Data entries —
---

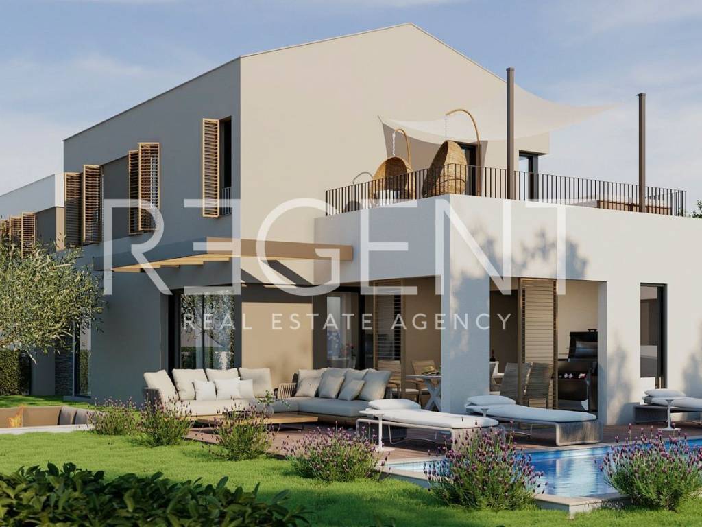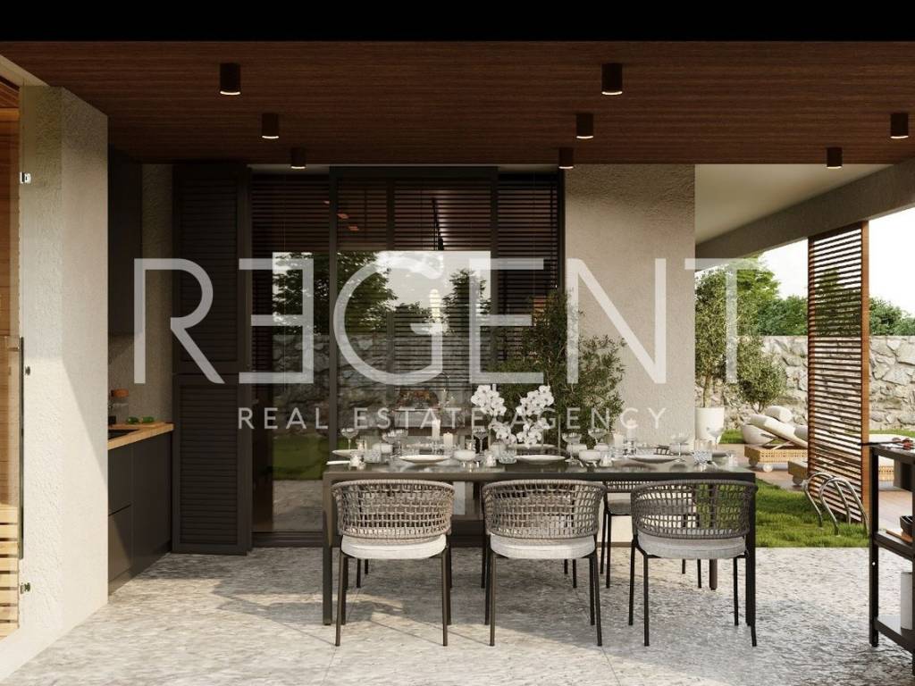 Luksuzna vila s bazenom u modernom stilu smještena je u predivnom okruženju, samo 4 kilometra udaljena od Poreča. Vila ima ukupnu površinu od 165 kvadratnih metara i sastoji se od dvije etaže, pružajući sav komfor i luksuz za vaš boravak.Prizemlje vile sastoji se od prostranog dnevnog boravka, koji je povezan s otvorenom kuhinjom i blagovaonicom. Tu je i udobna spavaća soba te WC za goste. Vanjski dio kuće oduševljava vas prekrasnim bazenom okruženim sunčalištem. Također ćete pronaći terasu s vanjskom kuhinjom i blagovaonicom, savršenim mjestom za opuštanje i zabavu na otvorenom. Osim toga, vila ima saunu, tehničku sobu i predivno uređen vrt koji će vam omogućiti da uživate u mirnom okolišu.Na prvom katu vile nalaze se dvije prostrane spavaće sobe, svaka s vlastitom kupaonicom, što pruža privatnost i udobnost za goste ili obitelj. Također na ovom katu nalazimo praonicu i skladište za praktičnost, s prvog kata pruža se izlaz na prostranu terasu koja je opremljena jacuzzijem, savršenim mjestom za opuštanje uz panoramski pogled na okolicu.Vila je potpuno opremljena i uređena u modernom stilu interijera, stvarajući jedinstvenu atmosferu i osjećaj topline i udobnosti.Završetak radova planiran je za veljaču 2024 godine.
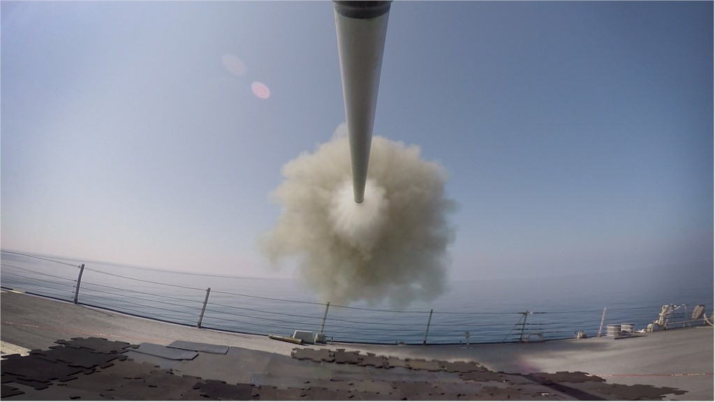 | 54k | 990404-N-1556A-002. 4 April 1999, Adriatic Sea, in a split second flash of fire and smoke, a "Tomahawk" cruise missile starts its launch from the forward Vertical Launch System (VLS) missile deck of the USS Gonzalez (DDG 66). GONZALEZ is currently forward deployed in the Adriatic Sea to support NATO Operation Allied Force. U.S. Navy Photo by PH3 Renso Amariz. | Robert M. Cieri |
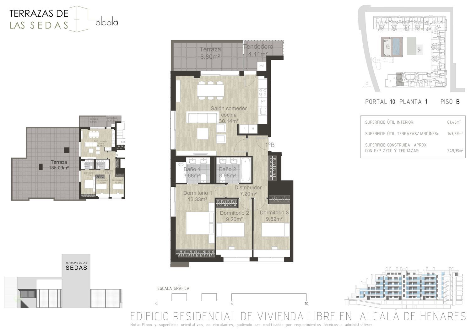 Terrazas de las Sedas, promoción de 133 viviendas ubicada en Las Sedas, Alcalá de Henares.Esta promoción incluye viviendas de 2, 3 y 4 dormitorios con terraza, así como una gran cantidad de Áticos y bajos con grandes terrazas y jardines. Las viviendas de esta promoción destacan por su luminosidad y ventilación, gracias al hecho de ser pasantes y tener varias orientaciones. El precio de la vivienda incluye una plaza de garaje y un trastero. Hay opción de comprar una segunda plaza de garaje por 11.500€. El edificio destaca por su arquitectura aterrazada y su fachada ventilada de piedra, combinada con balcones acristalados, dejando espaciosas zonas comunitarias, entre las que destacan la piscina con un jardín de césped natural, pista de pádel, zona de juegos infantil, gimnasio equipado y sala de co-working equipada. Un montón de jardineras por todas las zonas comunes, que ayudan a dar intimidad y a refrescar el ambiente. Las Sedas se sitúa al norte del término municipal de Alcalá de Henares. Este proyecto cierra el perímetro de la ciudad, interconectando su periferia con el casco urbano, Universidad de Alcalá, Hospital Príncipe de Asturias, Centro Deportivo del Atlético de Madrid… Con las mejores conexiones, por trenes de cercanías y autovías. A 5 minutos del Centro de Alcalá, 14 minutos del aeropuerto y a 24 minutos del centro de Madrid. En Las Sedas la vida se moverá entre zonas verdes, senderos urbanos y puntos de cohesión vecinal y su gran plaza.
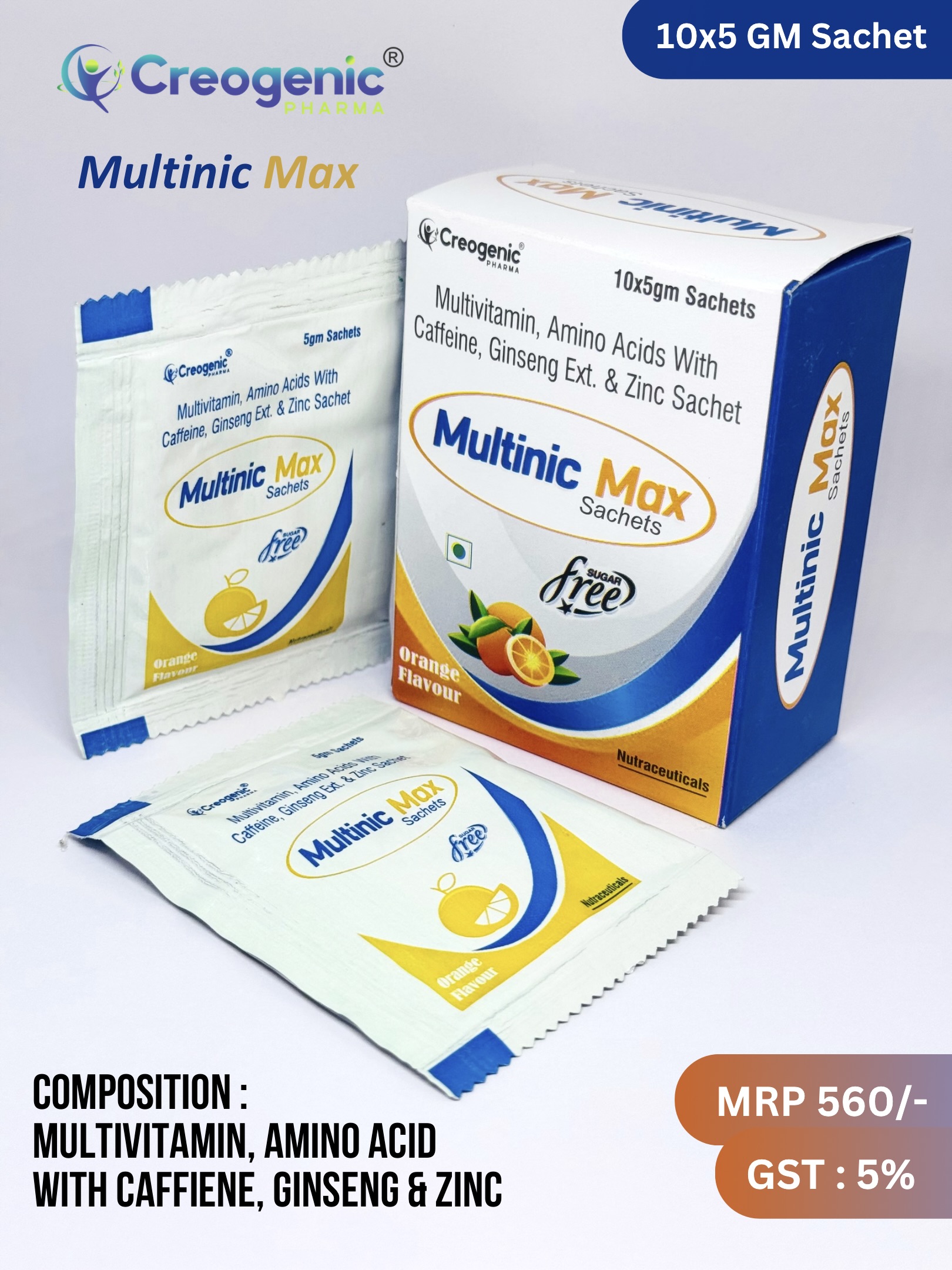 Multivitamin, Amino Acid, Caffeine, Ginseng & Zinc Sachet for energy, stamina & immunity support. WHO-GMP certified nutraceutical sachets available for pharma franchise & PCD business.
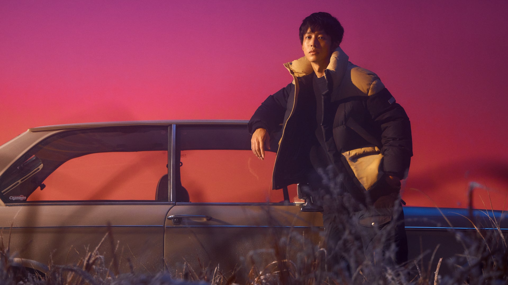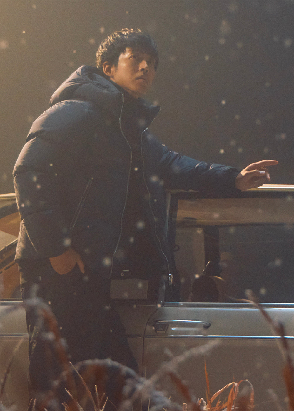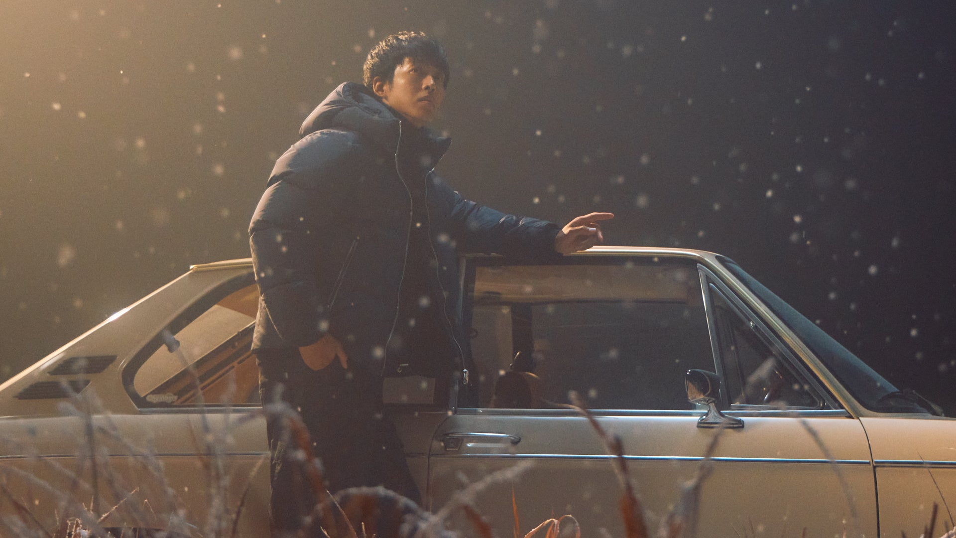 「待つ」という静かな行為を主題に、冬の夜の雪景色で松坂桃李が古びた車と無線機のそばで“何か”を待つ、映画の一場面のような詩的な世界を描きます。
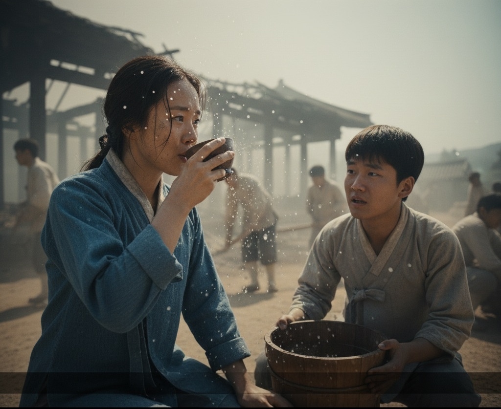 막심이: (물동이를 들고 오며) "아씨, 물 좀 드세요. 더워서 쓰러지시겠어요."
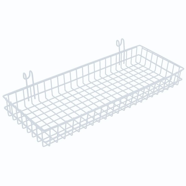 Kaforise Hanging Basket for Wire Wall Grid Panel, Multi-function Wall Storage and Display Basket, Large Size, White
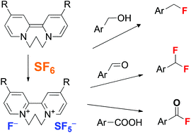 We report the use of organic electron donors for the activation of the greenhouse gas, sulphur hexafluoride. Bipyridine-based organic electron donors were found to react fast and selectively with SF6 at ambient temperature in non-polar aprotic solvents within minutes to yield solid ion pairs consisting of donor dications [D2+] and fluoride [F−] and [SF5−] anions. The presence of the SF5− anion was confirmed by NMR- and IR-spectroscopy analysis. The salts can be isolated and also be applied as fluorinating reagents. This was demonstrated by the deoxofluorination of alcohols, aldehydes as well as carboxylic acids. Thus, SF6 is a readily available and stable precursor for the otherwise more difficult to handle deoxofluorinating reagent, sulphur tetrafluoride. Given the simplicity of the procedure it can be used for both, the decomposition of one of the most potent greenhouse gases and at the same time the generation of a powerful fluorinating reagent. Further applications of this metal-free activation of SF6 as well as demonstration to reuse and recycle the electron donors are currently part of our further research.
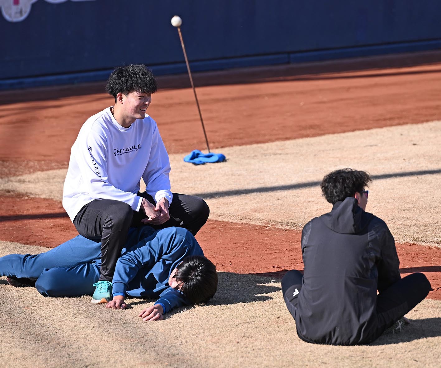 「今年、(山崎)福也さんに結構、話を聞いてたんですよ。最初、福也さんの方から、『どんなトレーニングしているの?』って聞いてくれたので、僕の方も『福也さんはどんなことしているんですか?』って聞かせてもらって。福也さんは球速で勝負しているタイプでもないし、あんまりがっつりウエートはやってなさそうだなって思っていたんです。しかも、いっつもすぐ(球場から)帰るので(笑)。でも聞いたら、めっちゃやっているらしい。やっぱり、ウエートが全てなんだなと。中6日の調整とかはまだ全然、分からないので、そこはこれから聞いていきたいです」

---

What to produce — Exactly as they stand, retype all the entries, but omit the pictures.

Written response —
 Luksuzna vila s bazenom u modernom stilu smještena je u predivnom okruženju, samo 4 kilometra udaljena od Poreča. Vila ima ukupnu površinu od 165 kvadratnih metara i sastoji se od dvije etaže, pružajući sav komfor i luksuz za vaš boravak.Prizemlje vile sastoji se od prostranog dnevnog boravka, koji je povezan s otvorenom kuhinjom i blagovaonicom. Tu je i udobna spavaća soba te WC za goste. Vanjski dio kuće oduševljava vas prekrasnim bazenom okruženim sunčalištem. Također ćete pronaći terasu s vanjskom kuhinjom i blagovaonicom, savršenim mjestom za opuštanje i zabavu na otvorenom. Osim toga, vila ima saunu, tehničku sobu i predivno uređen vrt koji će vam omogućiti da uživate u mirnom okolišu.Na prvom katu vile nalaze se dvije prostrane spavaće sobe, svaka s vlastitom kupaonicom, što pruža privatnost i udobnost za goste ili obitelj. Također na ovom katu nalazimo praonicu i skladište za praktičnost, s prvog kata pruža se izlaz na prostranu terasu koja je opremljena jacuzzijem, savršenim mjestom za opuštanje uz panoramski pogled na okolicu.Vila je potpuno opremljena i uređena u modernom stilu interijera, stvarajući jedinstvenu atmosferu i osjećaj topline i udobnosti.Završetak radova planiran je za veljaču 2024 godine.
 | 54k | 990404-N-1556A-002. 4 April 1999, Adriatic Sea, in a split second flash of fire and smoke, a "Tomahawk" cruise missile starts its launch from the forward Vertical Launch System (VLS) missile deck of the USS Gonzalez (DDG 66). GONZALEZ is currently forward deployed in the Adriatic Sea to support NATO Operation Allied Force. U.S. Navy Photo by PH3 Renso Amariz. | Robert M. Cieri |
 Terrazas de las Sedas, promoción de 133 viviendas ubicada en Las Sedas, Alcalá de Henares.Esta promoción incluye viviendas de 2, 3 y 4 dormitorios con terraza, así como una gran cantidad de Áticos y bajos con grandes terrazas y jardines. Las viviendas de esta promoción destacan por su luminosidad y ventilación, gracias al hecho de ser pasantes y tener varias orientaciones. El precio de la vivienda incluye una plaza de garaje y un trastero. Hay opción de comprar una segunda plaza de garaje por 11.500€. El edificio destaca por su arquitectura aterrazada y su fachada ventilada de piedra, combinada con balcones acristalados, dejando espaciosas zonas comunitarias, entre las que destacan la piscina con un jardín de césped natural, pista de pádel, zona de juegos infantil, gimnasio equipado y sala de co-working equipada. Un montón de jardineras por todas las zonas comunes, que ayudan a dar intimidad y a refrescar el ambiente. Las Sedas se sitúa al norte del término municipal de Alcalá de Henares. Este proyecto cierra el perímetro de la ciudad, interconectando su periferia con el casco urbano, Universidad de Alcalá, Hospital Príncipe de Asturias, Centro Deportivo del Atlético de Madrid… Con las mejores conexiones, por trenes de cercanías y autovías. A 5 minutos del Centro de Alcalá, 14 minutos del aeropuerto y a 24 minutos del centro de Madrid. En Las Sedas la vida se moverá entre zonas verdes, senderos urbanos y puntos de cohesión vecinal y su gran plaza.
 Multivitamin, Amino Acid, Caffeine, Ginseng & Zinc Sachet for energy, stamina & immunity support. WHO-GMP certified nutraceutical sachets available for pharma franchise & PCD business.
 「待つ」という静かな行為を主題に、冬の夜の雪景色で松坂桃李が古びた車と無線機のそばで“何か”を待つ、映画の一場面のような詩的な世界を描きます。
 막심이: (물동이를 들고 오며) "아씨, 물 좀 드세요. 더워서 쓰러지시겠어요."
 Kaforise Hanging Basket for Wire Wall Grid Panel, Multi-function Wall Storage and Display Basket, Large Size, White
 We report the use of organic electron donors for the activation of the greenhouse gas, sulphur hexafluoride. Bipyridine-based organic electron donors were found to react fast and selectively with SF6 at ambient temperature in non-polar aprotic solvents within minutes to yield solid ion pairs consisting of donor dications [D2+] and fluoride [F−] and [SF5−] anions. The presence of the SF5− anion was confirmed by NMR- and IR-spectroscopy analysis. The salts can be isolated and also be applied as fluorinating reagents. This was demonstrated by the deoxofluorination of alcohols, aldehydes as well as carboxylic acids. Thus, SF6 is a readily available and stable precursor for the otherwise more difficult to handle deoxofluorinating reagent, sulphur tetrafluoride. Given the simplicity of the procedure it can be used for both, the decomposition of one of the most potent greenhouse gases and at the same time the generation of a powerful fluorinating reagent. Further applications of this metal-free activation of SF6 as well as demonstration to reuse and recycle the electron donors are currently part of our further research.
 「今年、(山崎)福也さんに結構、話を聞いてたんですよ。最初、福也さんの方から、『どんなトレーニングしているの?』って聞いてくれたので、僕の方も『福也さんはどんなことしているんですか?』って聞かせてもらって。福也さんは球速で勝負しているタイプでもないし、あんまりがっつりウエートはやってなさそうだなって思っていたんです。しかも、いっつもすぐ(球場から)帰るので(笑)。でも聞いたら、めっちゃやっているらしい。やっぱり、ウエートが全てなんだなと。中6日の調整とかはまだ全然、分からないので、そこはこれから聞いていきたいです」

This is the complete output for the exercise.